Generally you want to avoid designing your code to use horizontal ops in the first place; try to do the same thing to multiple data in parallel, instead of different things with different elements. But sometimes a local optimization is still worth it, and horizontal stuff can be better than pure scalar.
Intel experimented with adding horizontal ops in SSE3, but never added dedicated hardware to support them. They decode to 2 shuffles + 1 vertical op on all CPUs that support them (including AMD). See Agner Fog's instruction tables. More recent ISA extensions have mostly not included more horizontal ops, except for SSE4.1 dpps
/dppd
(which is also usually not worth using vs. manually shuffling).
SSSE3 pmaddubsw
makes sense because element-width is already a problem for widening multiplication, and SSE4.1 phminposuw
got dedicated HW support right away to make it worth using (and doing the same thing without it would cost a lot of uops, and it's specifically very useful for video encoding). But AVX / AVX2 / AVX512 horizontal ops are very scarce. AVX512 did introduce some nice shuffles, so you can build your own horizontal ops out of the powerful 2-input lane-crossing shuffles if needed.
If the most efficient solution to your problem already includes shuffling together two inputs two different ways and feeding that to an add or sub, then sure, haddpd
is an efficient way to encode that; especially without AVX where preparing the inputs might have required a movaps
instruction as well because shufpd
is destructive (silently emitted by the compiler when using intrinsics, but still costs front-end bandwidth, and latency on CPUs like Sandybridge and earlier which don't eliminate reg-reg moves).

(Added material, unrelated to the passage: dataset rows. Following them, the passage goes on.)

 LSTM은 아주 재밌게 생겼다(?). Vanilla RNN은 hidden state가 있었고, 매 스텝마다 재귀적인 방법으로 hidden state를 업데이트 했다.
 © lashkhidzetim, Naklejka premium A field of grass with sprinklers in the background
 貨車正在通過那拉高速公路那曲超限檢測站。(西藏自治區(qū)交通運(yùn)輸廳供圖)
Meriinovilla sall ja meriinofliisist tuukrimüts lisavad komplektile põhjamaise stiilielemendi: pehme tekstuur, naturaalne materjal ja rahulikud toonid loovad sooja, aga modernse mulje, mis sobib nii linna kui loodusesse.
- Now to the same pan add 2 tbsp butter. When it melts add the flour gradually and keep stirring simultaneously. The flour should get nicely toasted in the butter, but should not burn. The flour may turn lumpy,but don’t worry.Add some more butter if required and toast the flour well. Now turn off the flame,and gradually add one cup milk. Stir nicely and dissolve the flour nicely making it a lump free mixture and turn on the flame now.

But if you were going to use the same input twice, haddpd
is the wrong choice. See also Fastest way to do horizontal float vector sum on x86. hadd
/ hsub
are only a good idea with two different inputs, e.g. as part of an on-the-fly transpose as part of some other operation on a matrix.

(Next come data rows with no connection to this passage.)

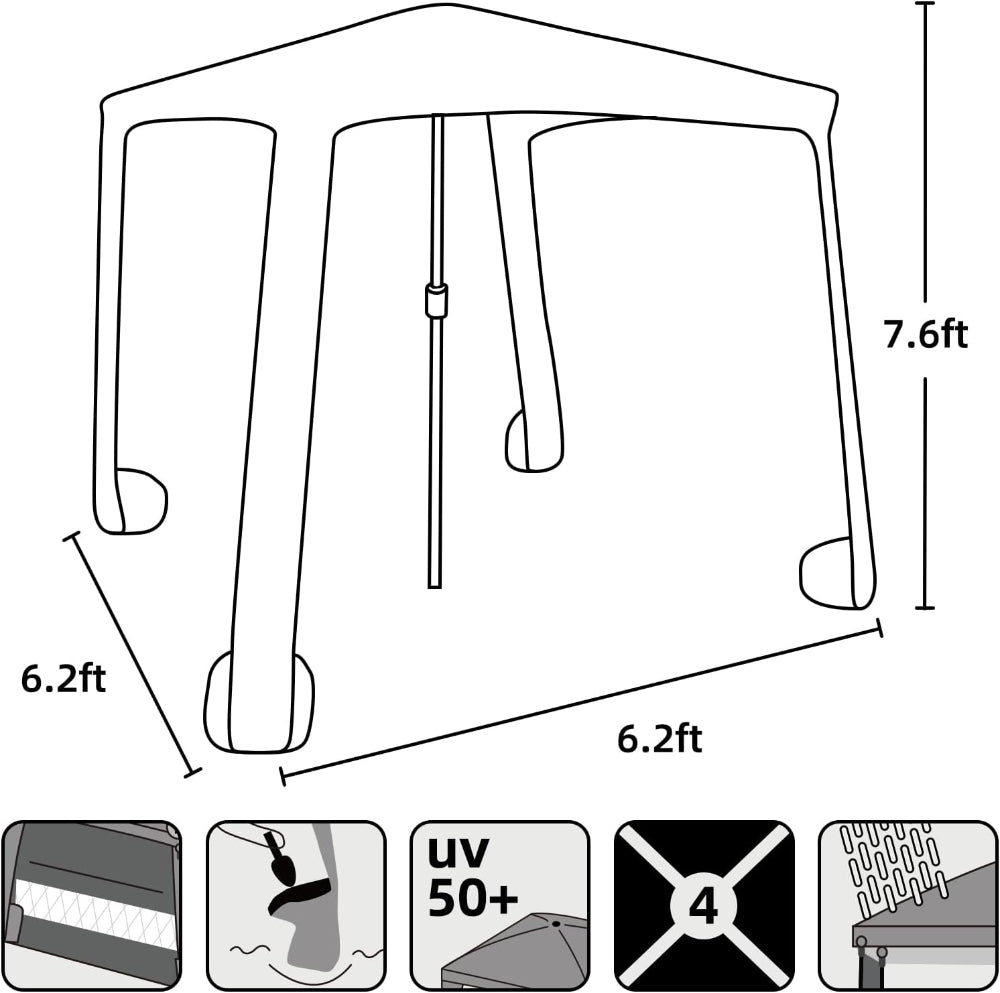 PROVIDE ENOUGH SHADE: 1.26/1.38" steel pole with height adjustment options. Each one measures 6.2' × 6.2', so it will provide plenty of shade for you to cool off, ideal for family or couples.
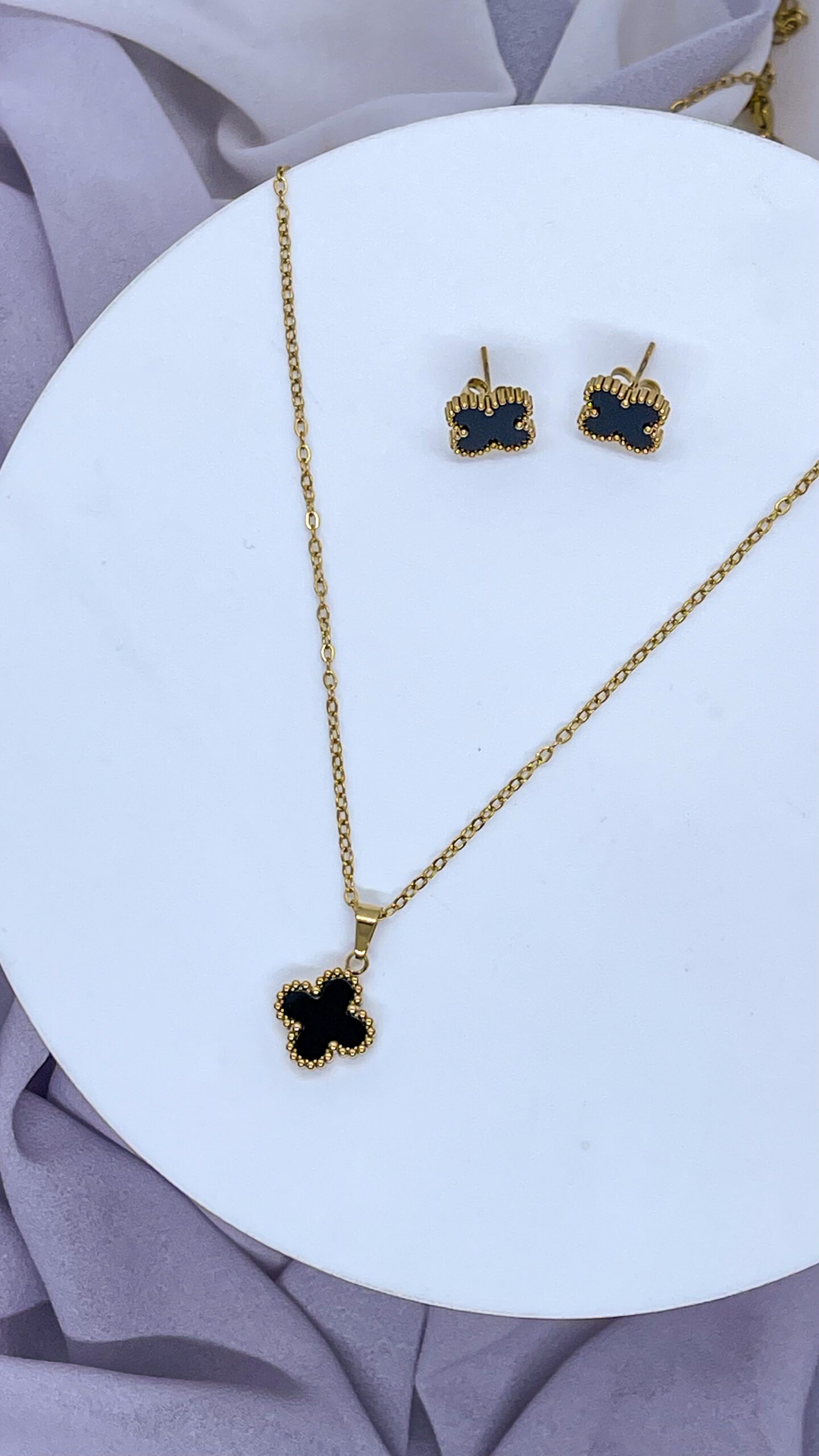 Bahr Van Cleef Style Clover Pendant Necklace & Matching Clover Stud Earrings Set Black
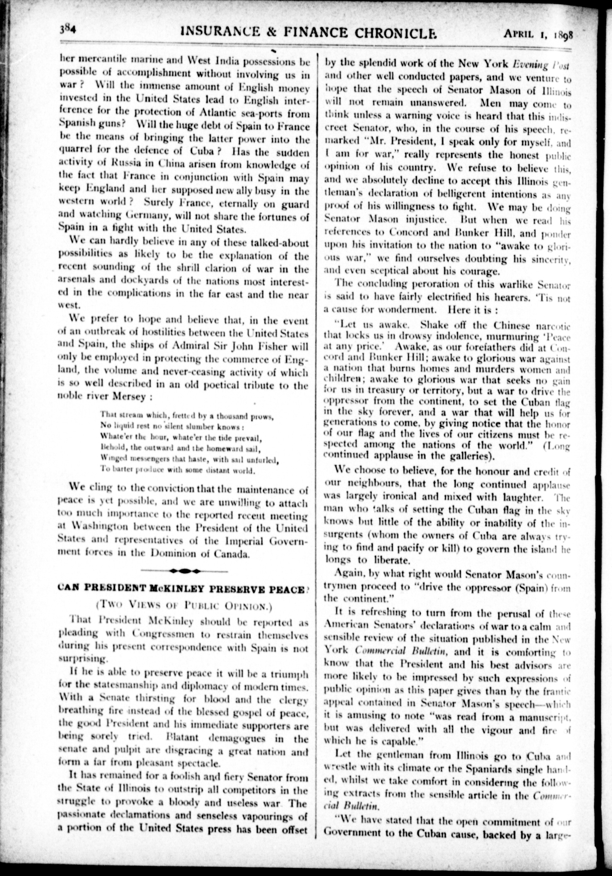 The chronicle : Vol. XVIII, No. 13 (April 1, 1898)

Anyway, the point is, build your own haddsub_pd
if you want it, out of two shuffles + SSE3 addsubpd
(which does have single-uop hardware support on CPUs that support it.) With AVX, it will be just as fast as a hypothetical haddsubpd
instruction, and without AVX will typically cost one extra movaps
because the compiler needs to preserve both inputs to the first shuffle. (Code-size will be bigger, but I'm talking about cost in uops for the front-end, and execution-port pressure for the back-end.)

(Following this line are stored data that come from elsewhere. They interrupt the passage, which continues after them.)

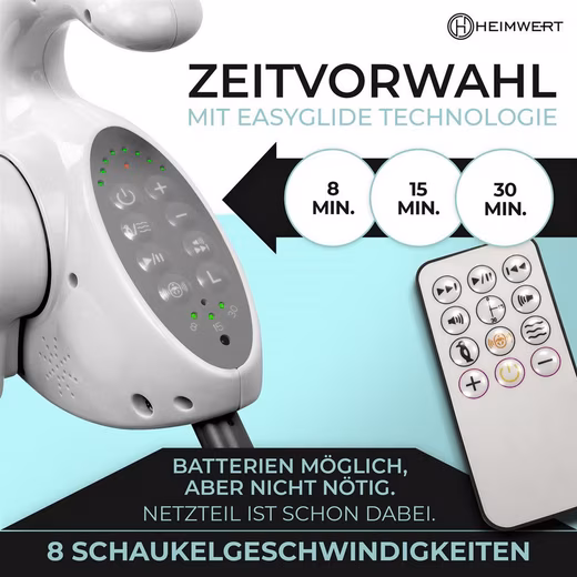 You can use the motion detection to specify that the rocking motion resumes for calming down. 8, 15 and 30 minutes of rocking time are preset.
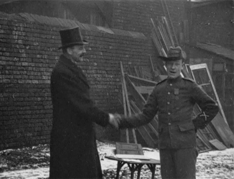 Private Charles Ward was a Leeds infantryman who returned from the Boer War a local hero, bearer of the last Victoria Cross awarded by the Queen herself. This intriguing item shows him interviewed - silent - by showman and regular Mitchell and Kenyon collaborator Ralph Pringle, who clearly saw Ward's newfound celebrity as an opportunity to attract a large paying audience of proud locals.
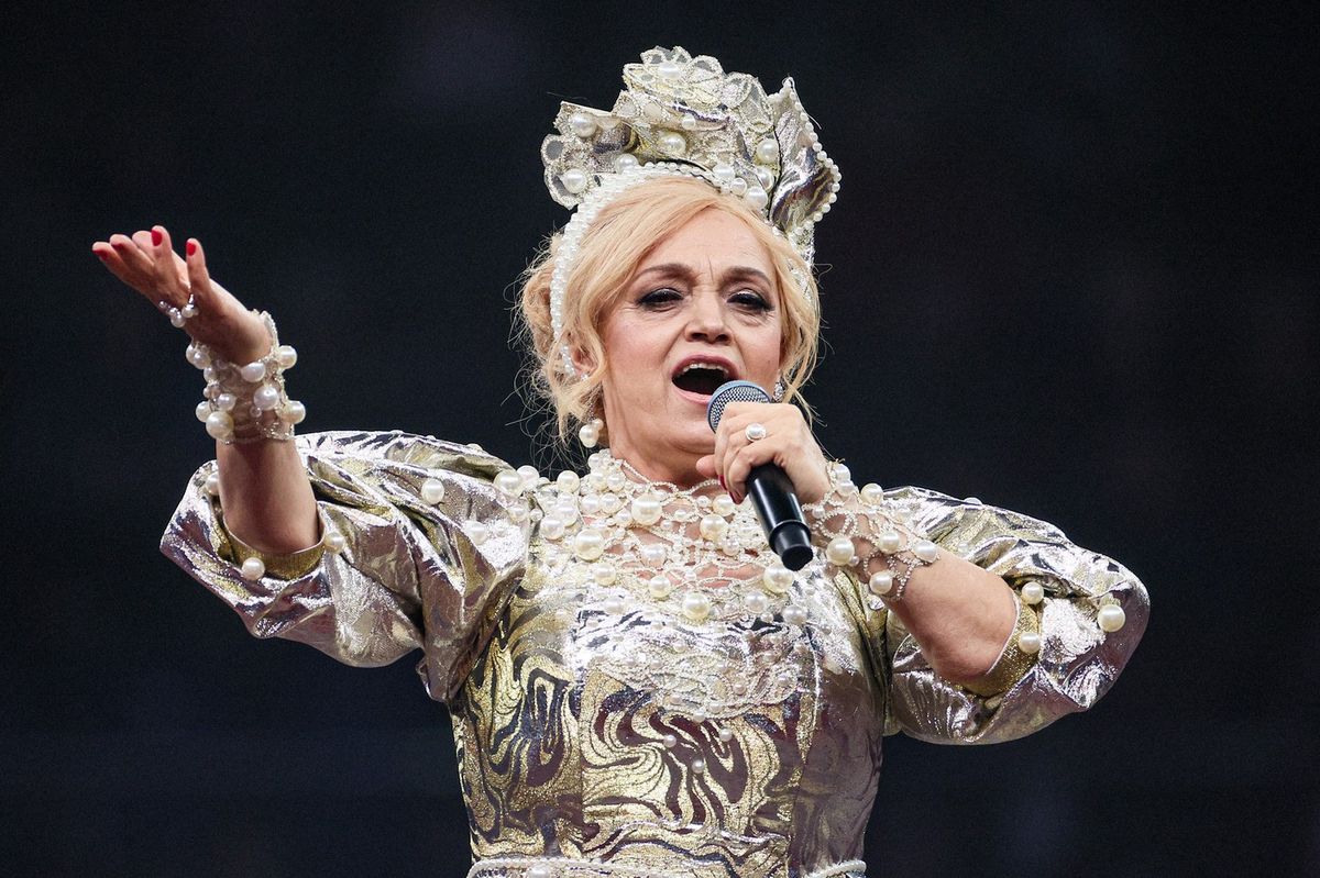 Naděžda Kadyševová během vystoupení na charitativním koncertu s názvem „Naši, pro matičku Rus“ v Moskvě.

// Requires SSE3 (for addsubpd)
// inputs: a=[a1 a0] b=[b1 b0]
// output: [b1+b0, a1-a0], like haddpd for b and hsubpd for a
static inline
__m128d haddsub_pd(__m128d a, __m128d b) {
__m128d lows = _mm_unpacklo_pd(a,b); // [b0, a0]
__m128d highs = _mm_unpackhi_pd(a,b); // [b1, a1]
return _mm_addsub_pd(highs, lows); // [b1+b0, a1-a0]
}
With gcc -msse3
and clang (on Godbolt) we get the expected:
movapd xmm2, xmm0 # ICC saves a code byte here with movaps, but gcc/clang use movapd on double vectors for no advantage on any CPU.
unpckhpd xmm0, xmm1
unpcklpd xmm2, xmm1
addsubpd xmm0, xmm2
ret
This wouldn't typically matter when inlining, but as a stand-alone function gcc and clang have trouble when they need the return value in the same register that b
starts in, instead of a
. (e.g. if the args are reversed so it's haddsub(b,a)
).
# gcc for haddsub_pd_reverseargs(__m128d b, __m128d a)
movapd xmm2, xmm1 # copy b
unpckhpd xmm1, xmm0
unpcklpd xmm2, xmm0
movapd xmm0, xmm1 # extra copy to put the result in the right register
addsubpd xmm0, xmm2
ret
clang actually does a better job, using a different shuffle (movhlps
instead of unpckhpd
) to still only use one register-copy:
# clang5.0
movapd xmm2, xmm1 # clangs comments go in least-significant-element first order, unlike my comments in the source which follow Intel's convention in docs / diagrams / set_pd() args order
unpcklpd xmm2, xmm0 # xmm2 = xmm2[0],xmm0[0]
movhlps xmm0, xmm1 # xmm0 = xmm1[1],xmm0[1]
addsubpd xmm0, xmm2
ret
For an AVX version with __m256d
vectors, the in-lane behaviour of _mm256_unpacklo/hi_pd
is actually what you want, for once, to get the even / odd elements.
static inline
__m256d haddsub256_pd(__m256d b, __m256d a) {
__m256d lows = _mm256_unpacklo_pd(a,b); // [b2, a2 | b0, a0]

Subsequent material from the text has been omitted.